Resumo
Neste trabalho, pretendo analisar as relações de proximidade
e antagonismo existentes entre o neopentecostalismo e as religiões
afro-brasileiras, e suas conseqüências na transformação
do imaginário social brasileiro construído a partir
dos valores existentes nesses dois campos.
Introdução
O neopentecostalismo, em conseqüência da
crença de que é preciso eliminar a presença e
a ação do demônio no mundo, tem como característica
classificar as outras denominações religiosas como pouco
engajadas nessa batalha, ou até mesmo como espaços privilegiados
da ação dos demônios, os quais se "disfarçariam"
em divindades cultuadas nesses sistemas. É o caso, sobretudo,
das religiões afro-brasileiras, cujos deuses, principalmente
os exus e as pombagiras, são vistos como manifestações
dos demônios. Uma outra face desse processo é, paradoxalmente,
a "incorporação" da liturgia afro-brasileira
nas práticas neopentecostais de algumas igrejas. Neste trabalho,
pretendo analisar as relações de proximidade e antagonismo
existentes entre estes dois campos religiosos, o neopentecostal e
o afro-brasileiro, e suas conseqüências na transformação
de certo imaginário brasileiro construído a partir dos
valores aí existentes.
Em primeiro lugar, é bom que se diga que a
visão das igrejas neopentecostais sobre as religiões
afro-brasileiras é conseqüência do desenvolvimento
do sistema teológico e doutrinário do pentecostalismo,
surgido no Brasil no início do século XX, sobretudo
a partir das décadas de 1950 e 1960. Nessa época, o
movimento religioso assumiu novos contornos, expandindo a base de
suas igrejas, adensando o número de denominações
e ganhando maior visibilidade. Ao se distinguir pela ênfase
do dom da cura divina (por isso chamada muitas vezes de "igrejas
da cura") e pelas estratégias de proselitismo e conversão
em massa, essa segunda onda1 do pentecostalismo preservou as características
básicas do movimento que já tinha 40 anos, como a doutrina
dos dons carismáticos (fé, profecia, discernimento,
cura, línguas etc.), o sectarismo e o ascetismo (Mariano 1999:31).
A terceira fase do movimento pentecostal, iniciada
nos anos de 1970, com grande projeção nas duas décadas
seguintes, foi marcada por algumas diferenças significativas
no perfil das igrejas surgidas e nas práticas adotadas, o que
lhe valeu a classificação de "neopentecostal".

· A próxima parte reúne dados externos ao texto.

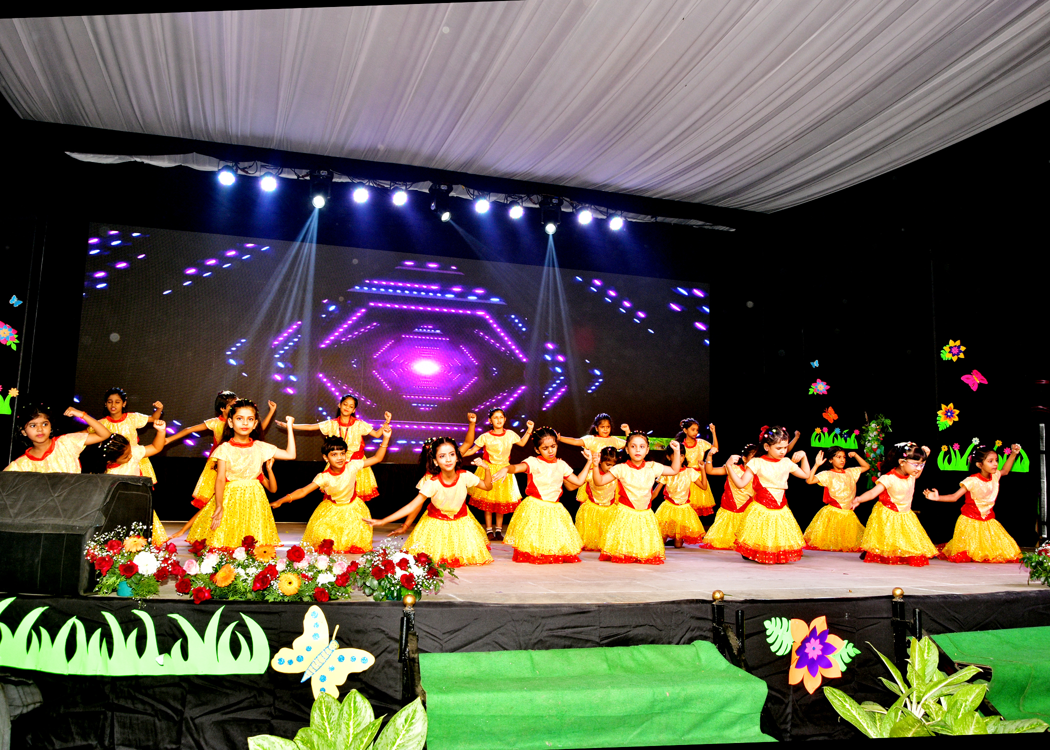 The school campus was adored with colourful banners, lights and thematic props creating a visually appealing ambiance.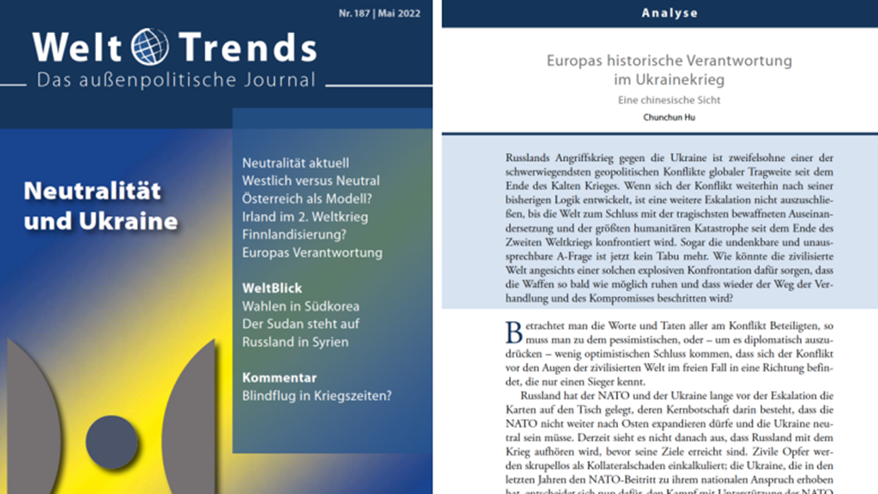 胡春春本人在《澎湃》文章的基础上,投书意大利地缘政治学期刊LIMES(“中国致欧洲:世界的命运在你们手中”,发表于2022年第3期)、德国外交政策期刊《世界趋势》(“欧洲的历史性责任”,发表于2022年第5期),其中《世界趋势》发表后,《新德意志报》于5月31日以整版形式转载了全文,并配以中国向乌克兰提供人道主义援助的图片。文章引起广泛注意之后,德国知名的知识分子电子杂志Telepolis于6月7日进行了全文转载,文章当日成为该杂志阅读量最高、评论量第二高的文章,首发期刊《世界趋势》主编特发信表达祝贺。6月16日,德国教授Klaus Schulte将文章从德文译为丹麦文,发表于丹麦政论平台Solidaritet。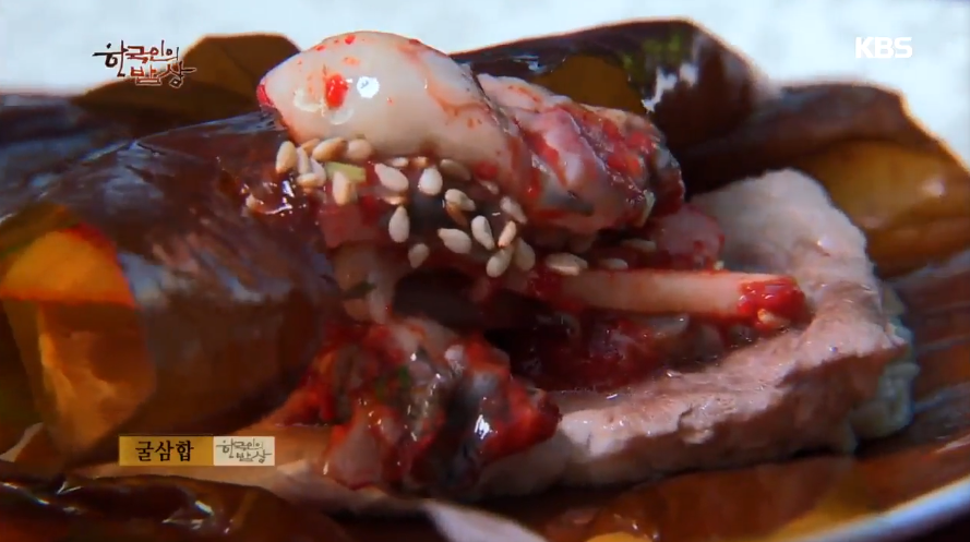 ‘굴삼합’은 삼겹살을 굽고 굴무침과 물미역을 싸서 먹습니다.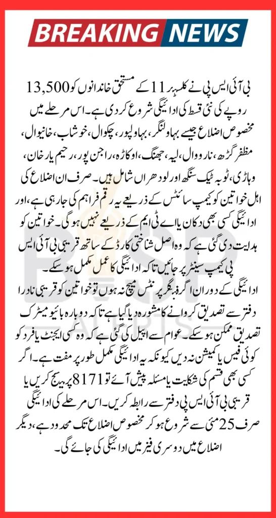 These districts form the Cluster 11 group and have been prioritized for the final payment rollout. Beneficiaries are advised to reach out to the same BISP center they have previously visited for payment.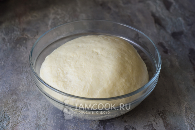 Замесим мягкое, не прилипающее к пальцам тесто, округлим в миске, накроем кухонным полотенцем и оставим подходить на час.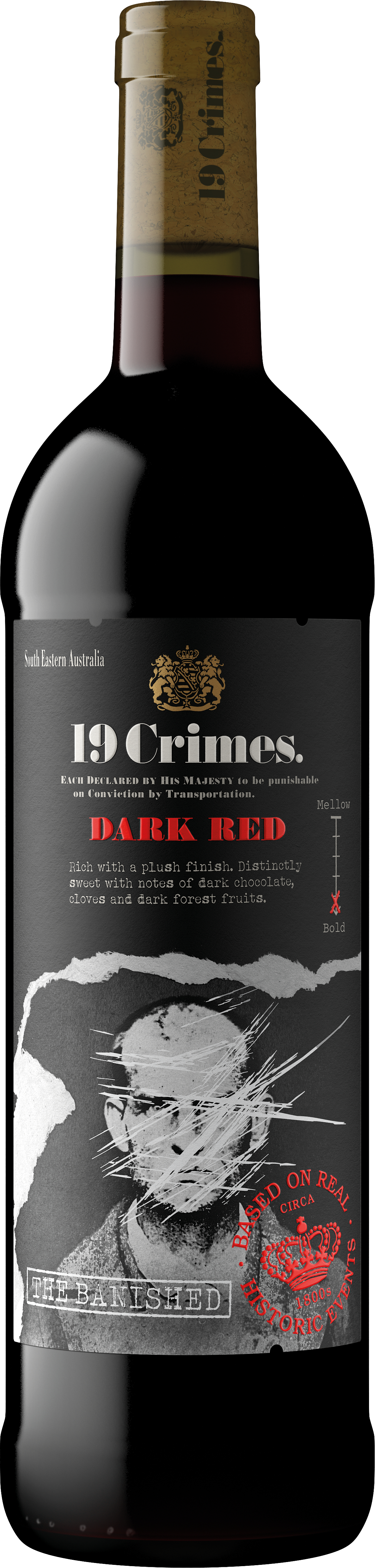 Die Banished Non-Vintage von 19 Crimes präsentiert einen facettenreichen Rotwein, der mit einer harmonischen Süße überzeugt. Aromen von dunkler Schokolade und Vanille verbinden sich mit einer Prise Zimt und Nelke, die den Geschmack bereichern. Am Gaumen entfalten sich dunkle Waldfrüchte, während der sanfte Abgang einen bleibenden Eindruck hinterlässt. Der Wein verfügt über einen einzigartigen Charakter, der auf britische Straftäter des 18. Jahrhunderts zurückgeht, die nach Australien deportiert wurden.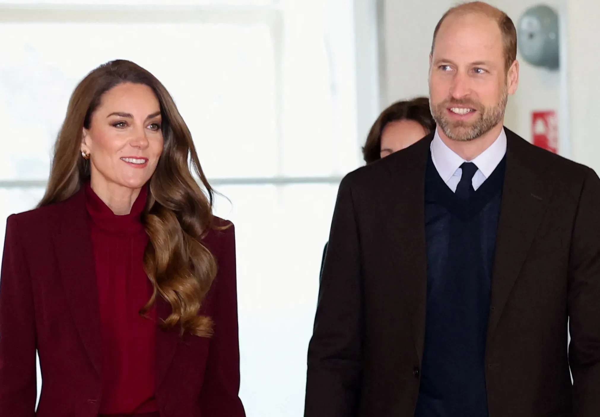 44-летняя принцесса Уэльская появилась на публике в бордовом брючном костюме и туфлях в тон, а 43-летний принц надел рубашку с галстуком, свитер, пиджак и замшевые ботинки. Супруги встретились в больнице с медицинским персоналом и отметили работу Национальной службы здравоохранения в напряжённый зимний период.
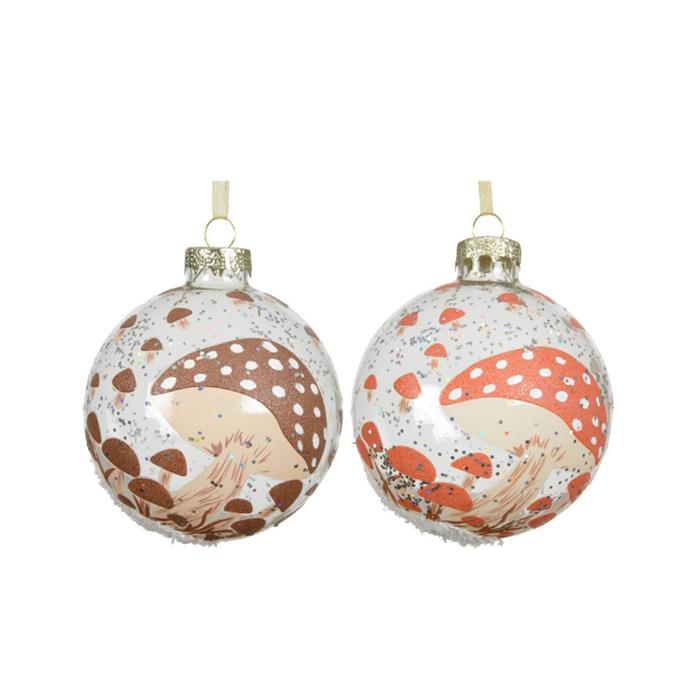 Vneste do své vánoční výzdoby lesní kouzlo a pohádkovou atmosféru s těmito originálními skleněnými koulemi. Ozdoba o průměru 8 cm je vyrobena z čirého skla s motivem houbiček. Ozdoba v mixu provedení. Pokud si přejete konkrétní variantu, napište ji do poznámky, pokusíme se vyhovět. V případě nedostupnosti bude odeslán náhodný kus.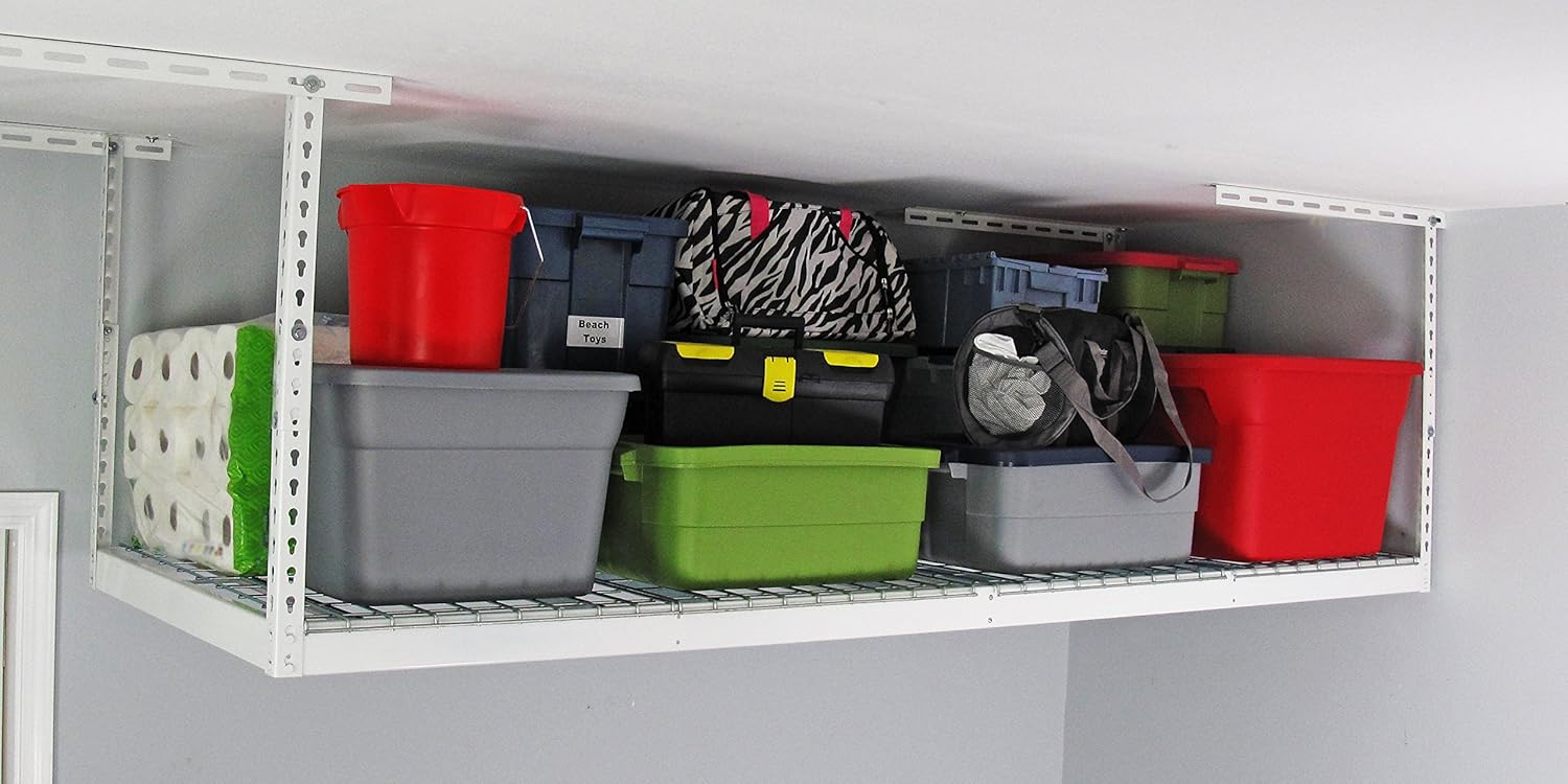 - MORE STORAGE, LESS CLUTTER: Designed with your storage needs in mind, our ceiling mounted overhead garage racks help you get organized by storing your things off the floor and out of the way saving valuable space in your garage. This hanging storage system is a great space saver; allowing you to utilize previously unused space providing you more storage and better organization.

Com o acréscimo do prefixo latino "neo", pretendeu-se
expressar algumas ênfases que as igrejas identificadas nessa
fase assumiram em relação ao campo do qual, em geral,
faziam parte: abandono (ou abrandamento) do ascetismo, valorização
do pragmatismo, utilização de gestão empresarial
na condução dos templos, ênfase na teologia da
prosperidade, utilização da mídia para o trabalho
de proselitismo em massa e de propaganda religiosa (por isso chamadas
de "igrejas eletrônicas") e centralidade da teologia
da batalha espiritual contra as outras denominações
religiosas, sobretudo as afro-brasileiras e o espiritismo.